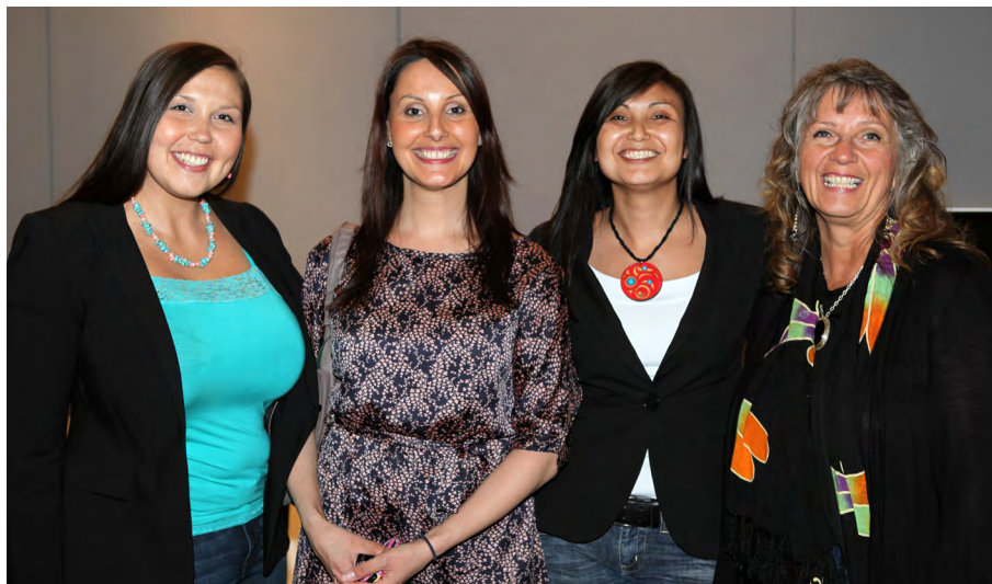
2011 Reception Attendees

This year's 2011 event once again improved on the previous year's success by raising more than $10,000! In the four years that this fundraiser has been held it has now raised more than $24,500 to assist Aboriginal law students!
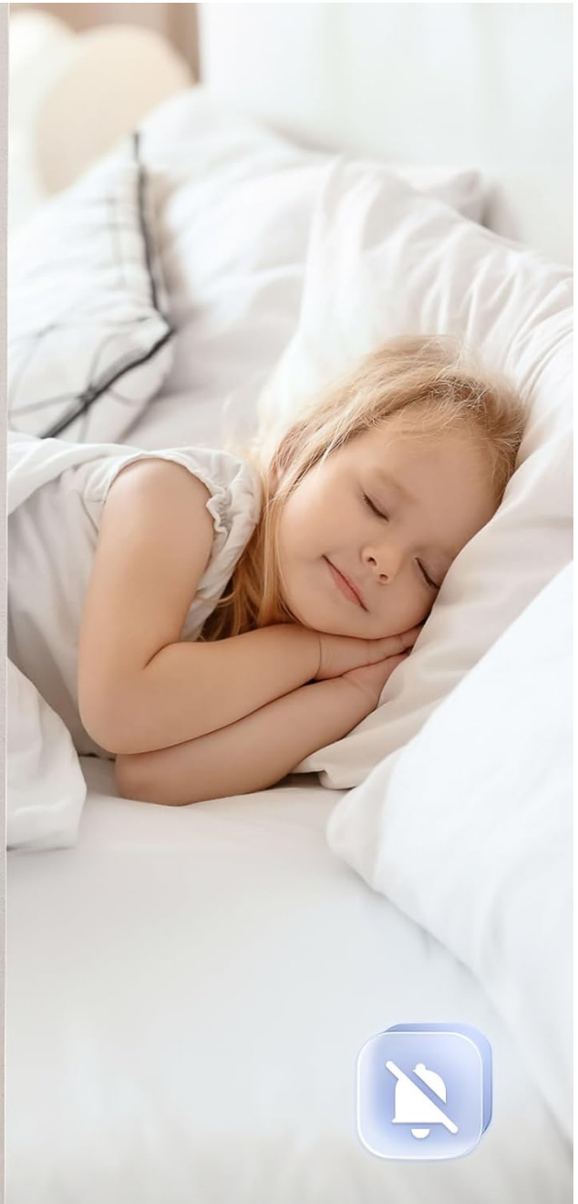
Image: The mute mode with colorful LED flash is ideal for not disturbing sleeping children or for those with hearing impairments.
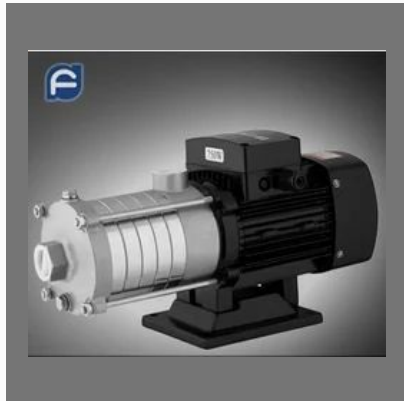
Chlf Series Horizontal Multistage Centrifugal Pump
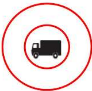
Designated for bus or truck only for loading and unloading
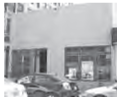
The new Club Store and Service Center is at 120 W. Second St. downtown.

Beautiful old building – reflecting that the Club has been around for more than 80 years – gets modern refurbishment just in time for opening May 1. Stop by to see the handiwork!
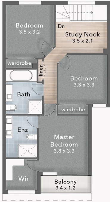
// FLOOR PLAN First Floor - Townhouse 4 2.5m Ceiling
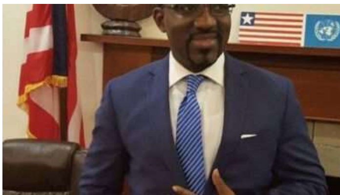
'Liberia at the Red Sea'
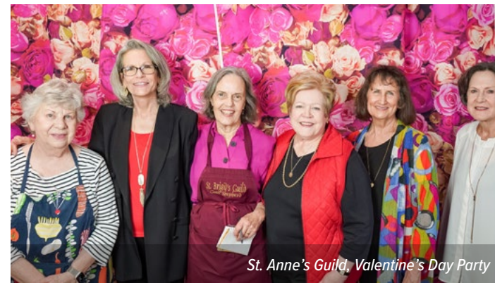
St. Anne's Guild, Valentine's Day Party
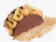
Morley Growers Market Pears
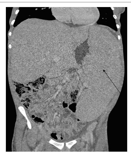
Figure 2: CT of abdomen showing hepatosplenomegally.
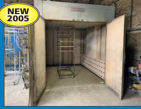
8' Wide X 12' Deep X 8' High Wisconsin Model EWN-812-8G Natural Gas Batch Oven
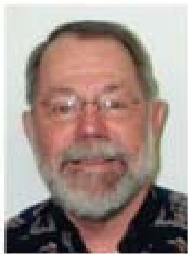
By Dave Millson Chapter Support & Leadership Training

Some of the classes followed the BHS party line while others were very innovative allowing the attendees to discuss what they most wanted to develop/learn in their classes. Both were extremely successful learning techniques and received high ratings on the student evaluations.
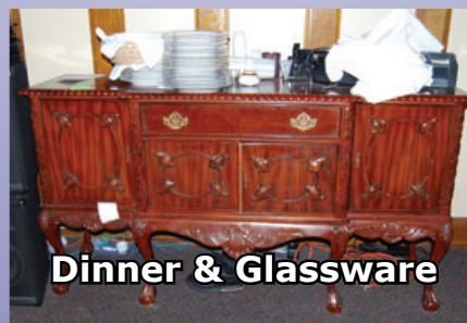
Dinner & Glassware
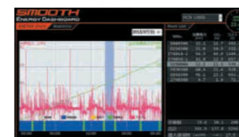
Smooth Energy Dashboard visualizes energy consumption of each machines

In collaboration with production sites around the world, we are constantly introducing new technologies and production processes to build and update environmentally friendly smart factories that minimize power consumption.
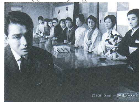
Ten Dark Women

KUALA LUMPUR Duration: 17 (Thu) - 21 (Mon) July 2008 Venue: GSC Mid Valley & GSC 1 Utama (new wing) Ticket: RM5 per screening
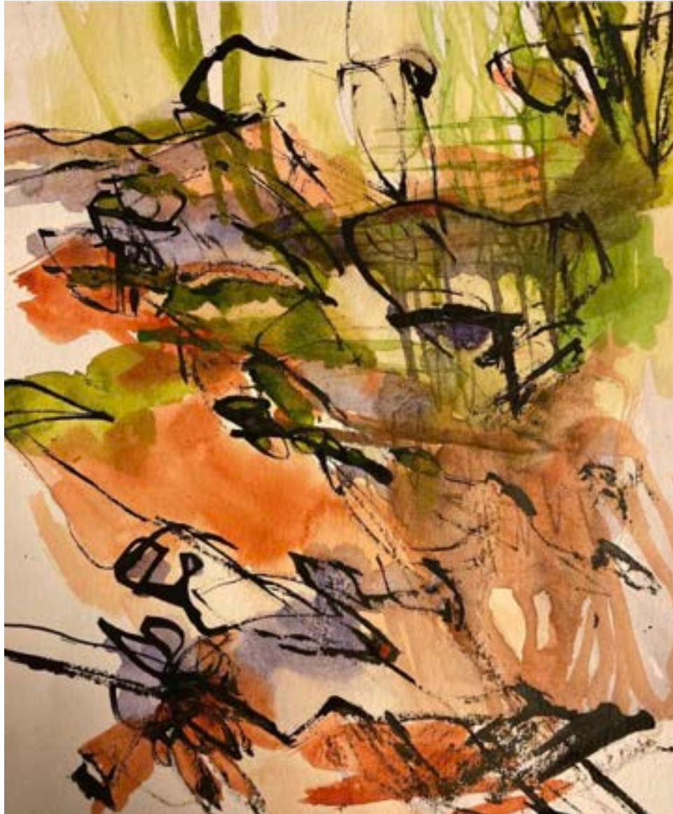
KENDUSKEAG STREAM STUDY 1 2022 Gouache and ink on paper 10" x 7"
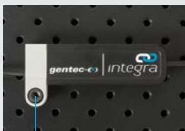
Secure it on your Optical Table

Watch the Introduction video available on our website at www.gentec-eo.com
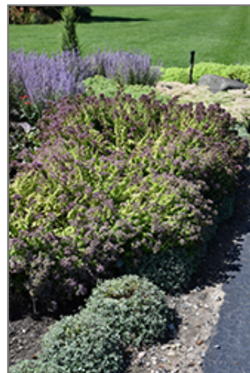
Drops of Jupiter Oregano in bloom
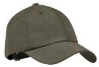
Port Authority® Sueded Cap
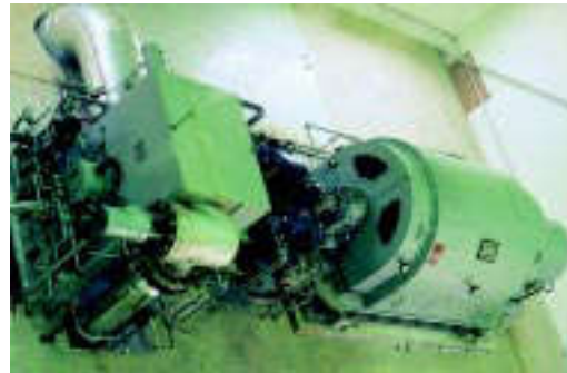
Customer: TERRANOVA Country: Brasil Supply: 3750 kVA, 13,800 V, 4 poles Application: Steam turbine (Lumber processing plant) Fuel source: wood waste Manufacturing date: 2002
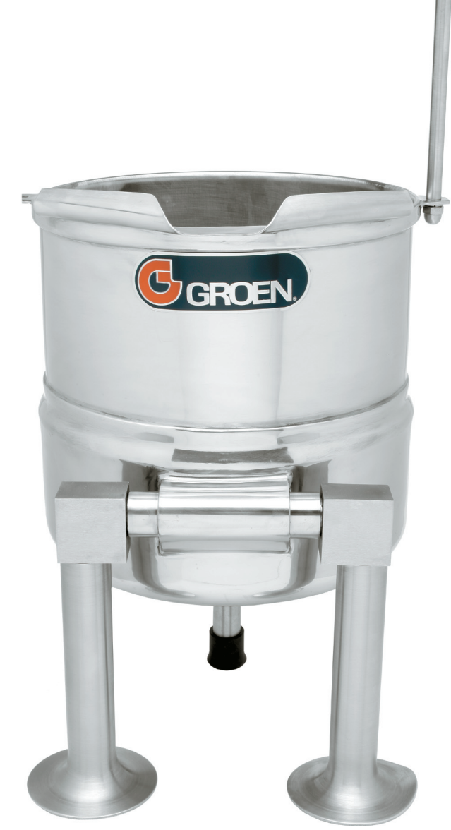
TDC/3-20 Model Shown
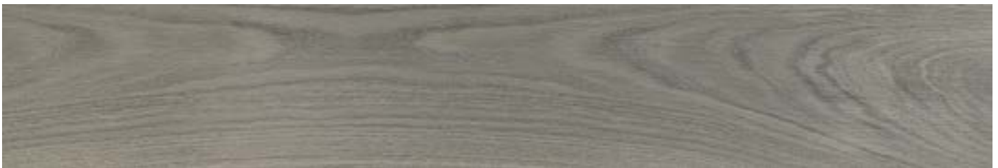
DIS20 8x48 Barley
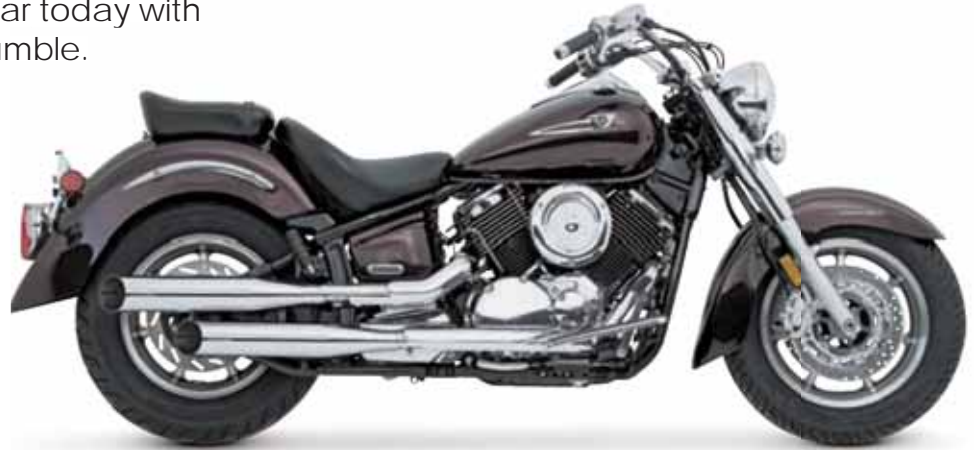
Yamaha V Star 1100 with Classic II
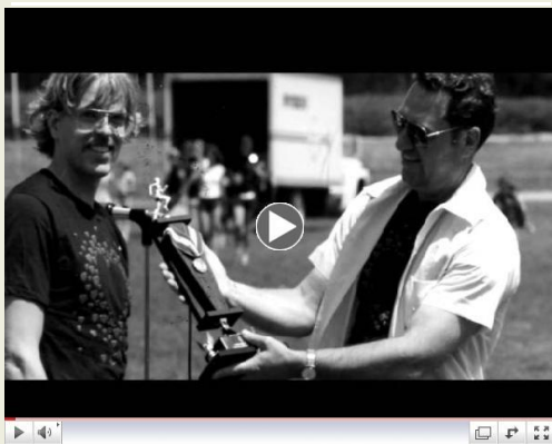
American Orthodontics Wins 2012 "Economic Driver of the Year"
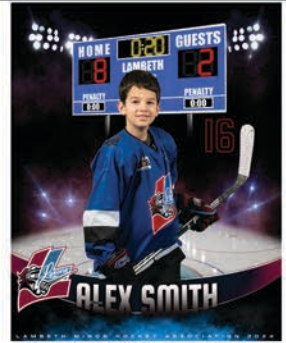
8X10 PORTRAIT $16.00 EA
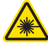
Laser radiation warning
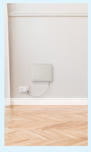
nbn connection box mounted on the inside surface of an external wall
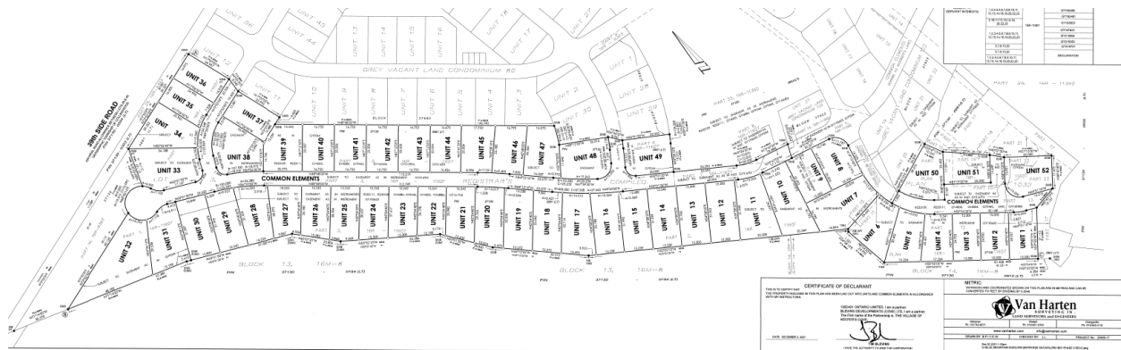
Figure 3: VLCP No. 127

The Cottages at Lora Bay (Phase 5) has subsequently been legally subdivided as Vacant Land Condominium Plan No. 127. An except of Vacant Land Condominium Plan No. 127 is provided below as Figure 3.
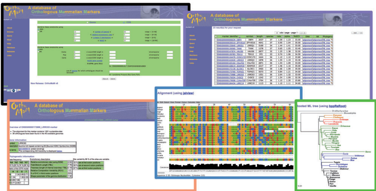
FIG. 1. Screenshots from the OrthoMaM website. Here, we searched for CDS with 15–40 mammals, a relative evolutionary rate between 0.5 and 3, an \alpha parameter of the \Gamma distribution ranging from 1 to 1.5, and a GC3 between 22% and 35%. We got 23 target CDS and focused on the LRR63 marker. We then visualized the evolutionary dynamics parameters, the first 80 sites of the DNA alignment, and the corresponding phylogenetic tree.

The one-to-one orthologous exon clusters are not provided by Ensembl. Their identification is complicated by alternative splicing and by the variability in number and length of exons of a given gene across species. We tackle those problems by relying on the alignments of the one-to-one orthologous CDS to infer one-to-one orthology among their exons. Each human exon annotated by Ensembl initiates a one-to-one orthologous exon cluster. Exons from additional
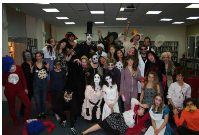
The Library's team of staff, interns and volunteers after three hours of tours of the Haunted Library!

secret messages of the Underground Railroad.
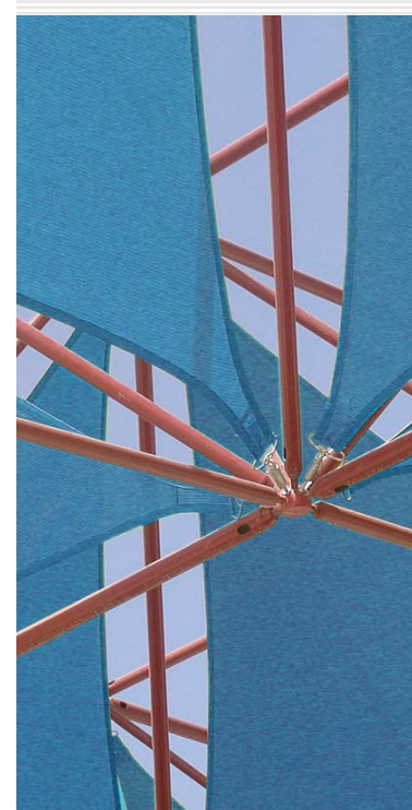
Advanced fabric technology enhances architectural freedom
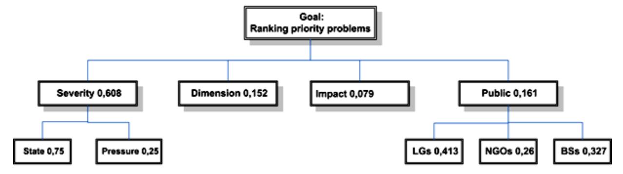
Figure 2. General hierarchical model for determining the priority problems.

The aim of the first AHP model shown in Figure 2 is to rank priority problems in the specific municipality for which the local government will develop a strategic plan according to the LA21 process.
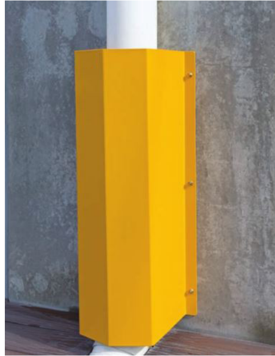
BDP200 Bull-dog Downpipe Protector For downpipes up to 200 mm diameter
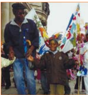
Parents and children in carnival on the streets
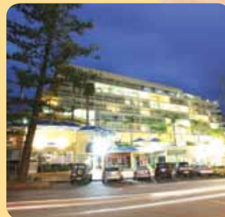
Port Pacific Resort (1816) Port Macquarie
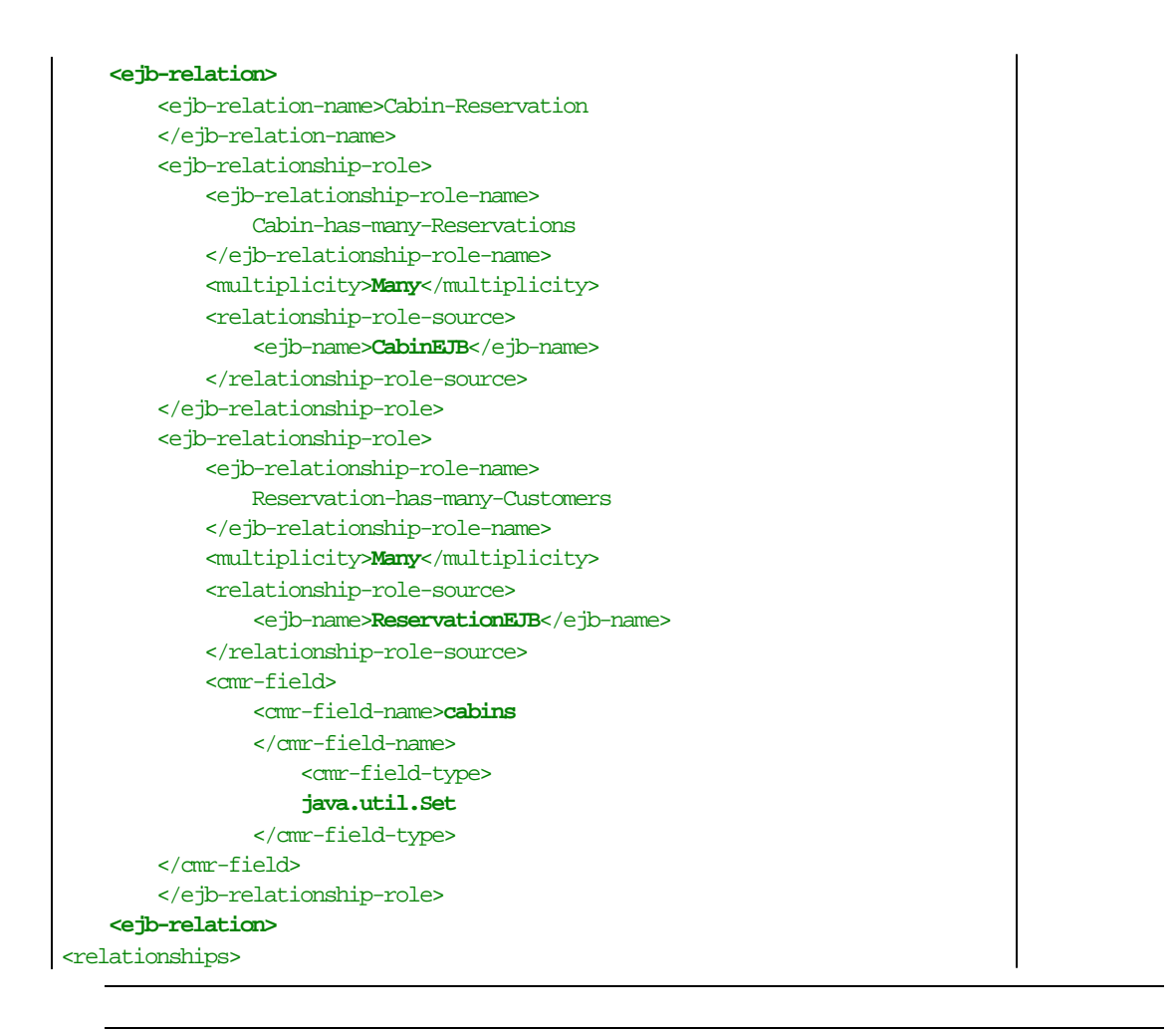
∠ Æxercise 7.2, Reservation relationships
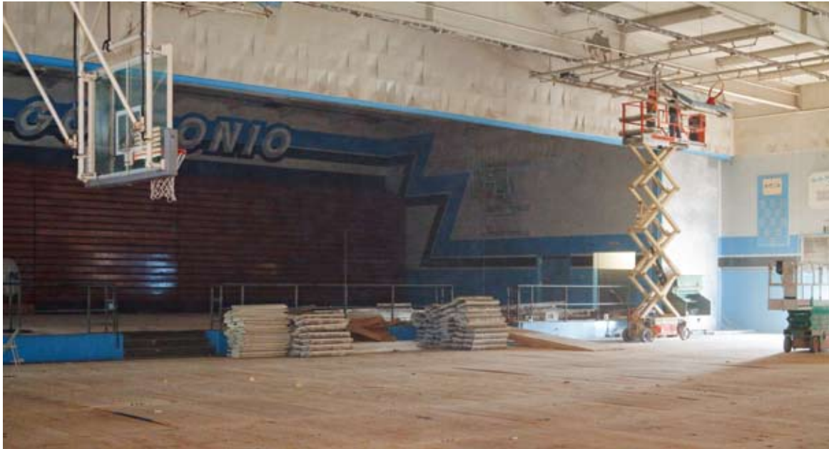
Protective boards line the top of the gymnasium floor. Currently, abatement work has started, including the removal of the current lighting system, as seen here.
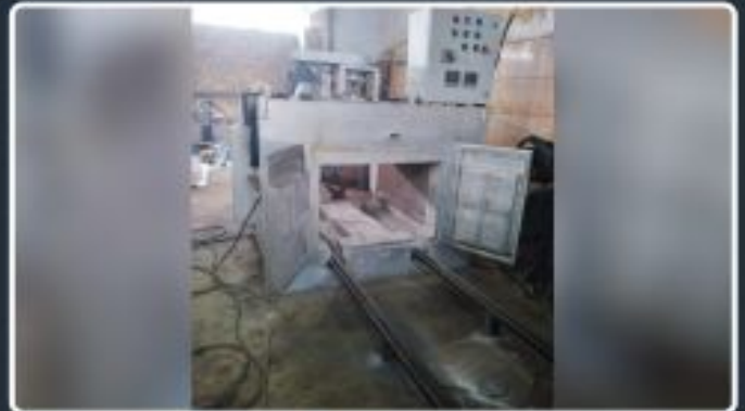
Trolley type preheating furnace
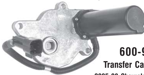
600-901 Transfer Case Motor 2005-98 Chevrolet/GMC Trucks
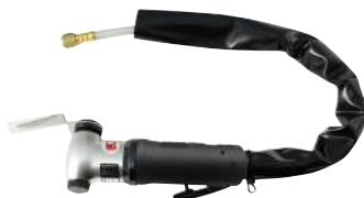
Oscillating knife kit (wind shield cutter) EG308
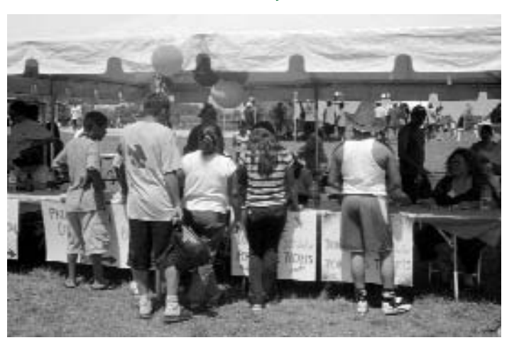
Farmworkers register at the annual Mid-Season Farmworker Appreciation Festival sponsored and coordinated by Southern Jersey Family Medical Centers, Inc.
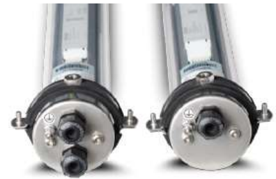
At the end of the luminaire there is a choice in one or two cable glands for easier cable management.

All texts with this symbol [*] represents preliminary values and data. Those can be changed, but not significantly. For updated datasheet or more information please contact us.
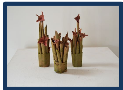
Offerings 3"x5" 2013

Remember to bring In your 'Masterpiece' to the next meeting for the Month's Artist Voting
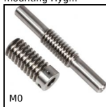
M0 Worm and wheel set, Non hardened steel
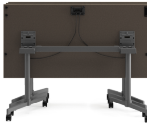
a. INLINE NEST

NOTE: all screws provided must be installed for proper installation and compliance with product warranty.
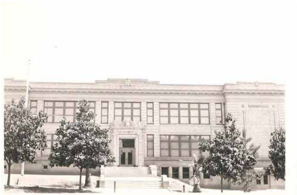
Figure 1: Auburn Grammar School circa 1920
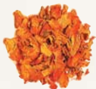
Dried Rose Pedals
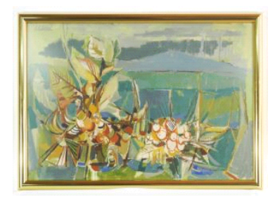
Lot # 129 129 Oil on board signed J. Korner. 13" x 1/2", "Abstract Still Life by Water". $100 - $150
□ □ □ □ □
» **YOUR OBJECTIVE**: Copy nothing but the lines from the start of the entries through the line with "By Dave Millson". Write them out exactly, without pictures.

» **TASK ANSWER**:
2011 Reception Attendees

This year's 2011 event once again improved on the previous year's success by raising more than $10,000! In the four years that this fundraiser has been held it has now raised more than $24,500 to assist Aboriginal law students!
Image: The mute mode with colorful LED flash is ideal for not disturbing sleeping children or for those with hearing impairments.
Chlf Series Horizontal Multistage Centrifugal Pump
Designated for bus or truck only for loading and unloading
The new Club Store and Service Center is at 120 W. Second St. downtown.

Beautiful old building – reflecting that the Club has been around for more than 80 years – gets modern refurbishment just in time for opening May 1. Stop by to see the handiwork!
// FLOOR PLAN First Floor - Townhouse 4 2.5m Ceiling
'Liberia at the Red Sea'
St. Anne's Guild, Valentine's Day Party
Morley Growers Market Pears
Figure 2: CT of abdomen showing hepatosplenomegally.
8' Wide X 12' Deep X 8' High Wisconsin Model EWN-812-8G Natural Gas Batch Oven
By Dave Millson Chapter Support & Leadership Training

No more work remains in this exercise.